The flash warning doesn’t specify which states were affected but according to Yahoo, which cites “sources familiar with the document,” Arizona’s board of elections database and Illinois’ board of election database were hit.
Hackers allegedly downloaded the personal data of 200,000 voters in Illinois in July before officials were forced to shutter the state’s voter registration system for 10 days. An Arizona state official claims that systems belonging to Arizona’s Board of Elections were targeted – malicious software hit its machines – but never successfully stole any data, Yahoo says.
Ken Menzel, general counsel for the Illinois State Board of Elections, told reporters back in July that he believed the attack, which took down Illinois’ voter registration system on July 12 for about two weeks, was the result of foreign hackers. Menzel told the Chicago Tribune this week that he believes the information of fewer than 200,000 was accessed. While no files were erased or modified and no voting history information or voter signature images were captured, drivers’ license numbers and the last four digits of Social Security numbers may have been accessed, however.

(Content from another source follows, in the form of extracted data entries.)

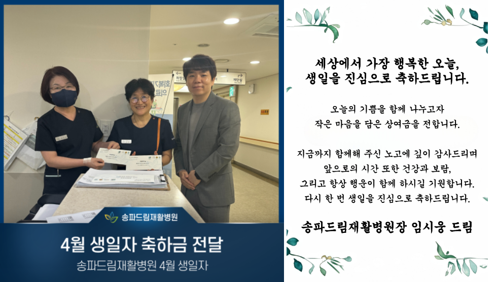 송파드림재활병원은 개원 초기부터 직원 한 분 한 분의 삶의 순간을 함께 축하하고 응원하고자,
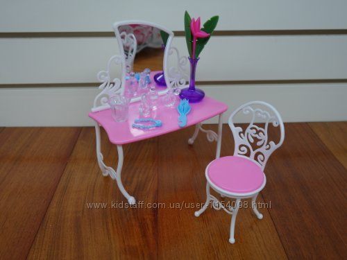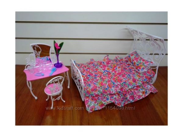 Мебель для кукол Спальная - спальная для кукол Барби, которая состоит из ажурной кровати, трюмо с зеркалом и цветами, а также стульчиком.
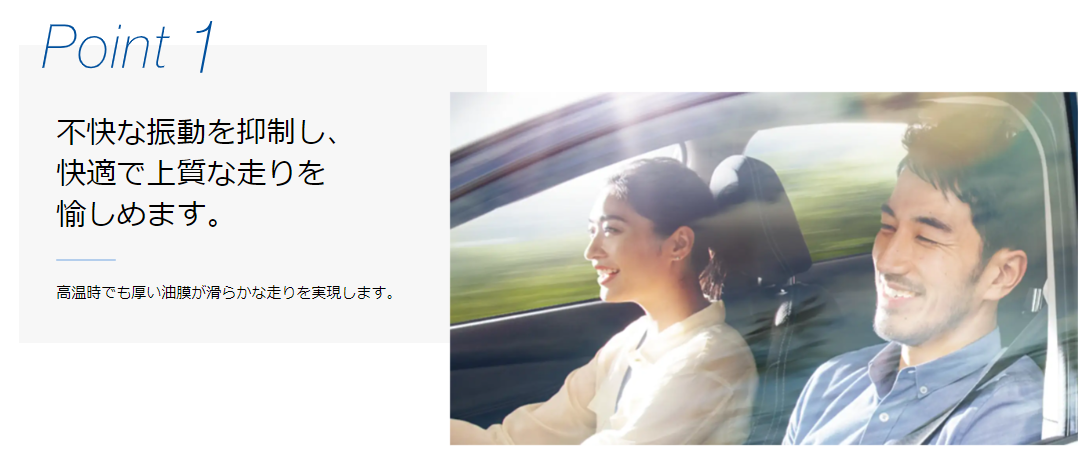 高いクッション性能を持つ厚い油膜が、振動や騒音を抑えます。車内が静かになるので、ドライブ中の音楽や会話をよりクリアに愉しめます。
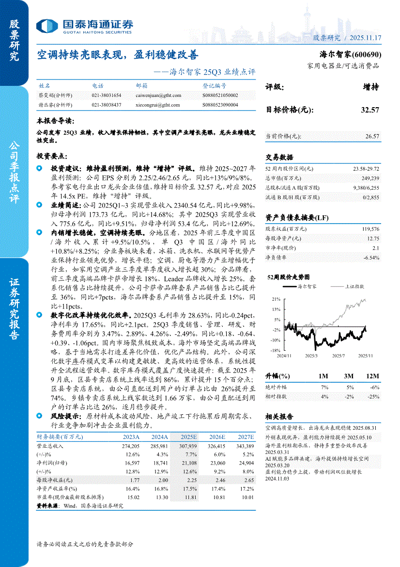 海尔智家:国泰海通证券-海尔智家-600690-25Q3业绩点评:空调持续亮眼表现,盈利稳健改善-251117
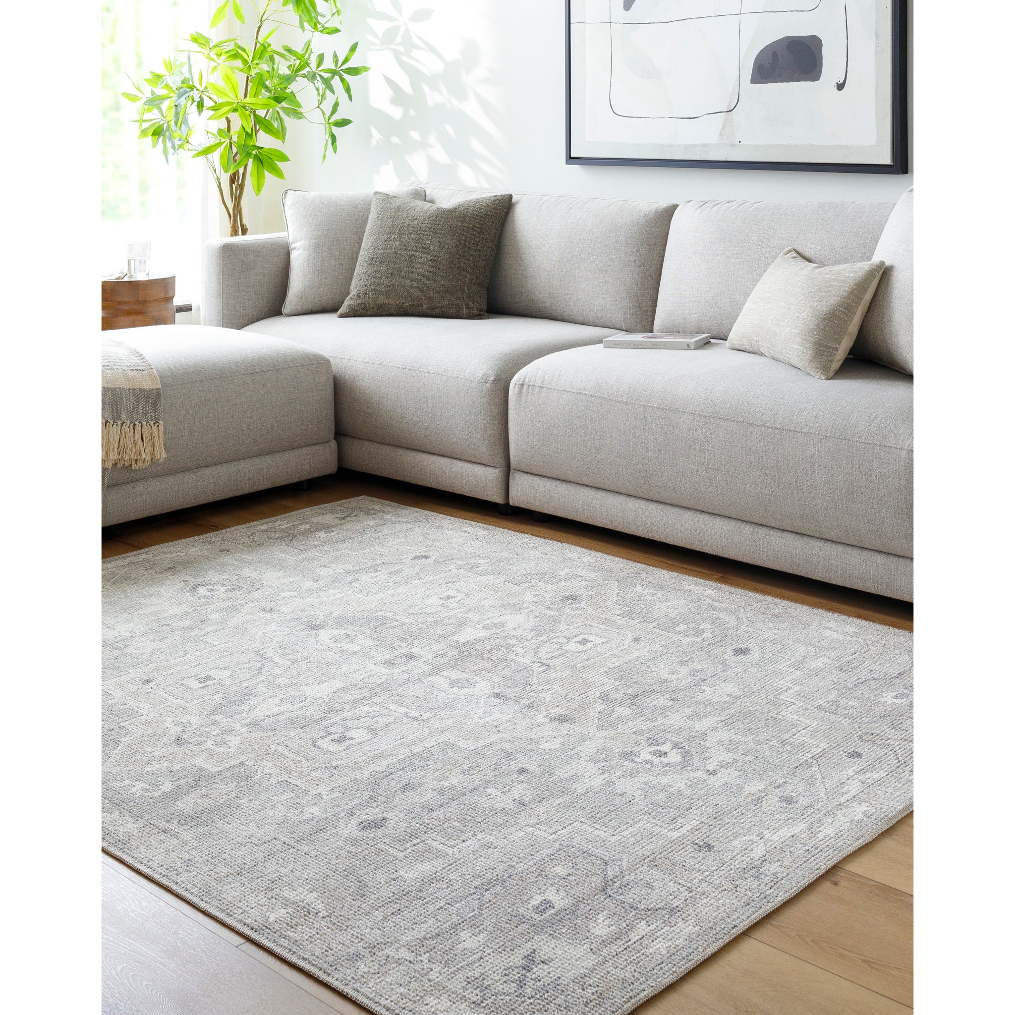 Add character and warmth to your home with the Elle Collection by Becki Owens x Surya. This collection is vintage inspired and brings a mix of modernized traditional style with the detailed medallion design. Crafted with warm gray tones, this rug will add character and liven a space by bringing a fun livable feel to the area. Durably woven in Turkey, this collection is great for high traffic areas.

The flash alert discusses information released by the Multi-State Information Sharing & Analysis Center (MS-ISAC) earlier this month. According to the memo, an attacker used penetration-testing tools such as Acunetix, SQLMap, and DirBuster, to scan one Board of Election site.
According to the alert, the attacker used Acunetix, a common web application scanner, to scan a Board of Election site for vulnerabilities, then used SQLmap, an open source penetration testing tool, to target a SQL injection vulnerability on the site.
“The majority of the data exfiltration occurred in mid-July,” the alert reads, a timeline that coincides, almost exactly, with the figure given by Menzel.
At the time, the bulletin urged states to search their logs for activity by eight “suspicious” IP addresses associated with the tools. The IP addresses trace back to servers in the Netherlands and the United States that are operated by hosting providers based in Bulgaria and Russia that specialize in virtual private servers and dedicated servers.
“Attempts should not be made to touch or ping the IP addresses directly,” the alert cautions.
The memo also encourages site hosting providers to ensure that all software, “especially content management software” has been patched, to conduct vulnerability scans on local government and law enforcement websites, and to make sure the database management system has limited permissions, among other preventative measures.
The Flash alert hit inboxes three days after Homeland Security Secretary Jeh Johnson told state officials they could solicit the expertise of government cybersecurity experts. Johnson told members of the National Association of Secretaries of State (NASS) and other chief election officials at the time that voting systems should meet federal cybersecurity recommendations and that if they wanted, officials could have experts scan their voting systems for vulnerabilities.
In this politically tense climate and roughly 70 days out from the presidential election, the incident of course takes on a different light.
Johnson’s comments were likely spurred by several allegations this summer by Republican presidential candidate Donald Trump. Trump has called the integrity of U.S. election system into question multiple times just this month and maintains the system may be rigged against him.
Johnson told officials in his call that the Department of Homeland Security wasn’t “aware of any specific or credible cybersecurity threats relating to the upcoming general election systems” but nonetheless offered the assistance of the Department’s National Cybersecurity and Communications Integration Center (NCCIC).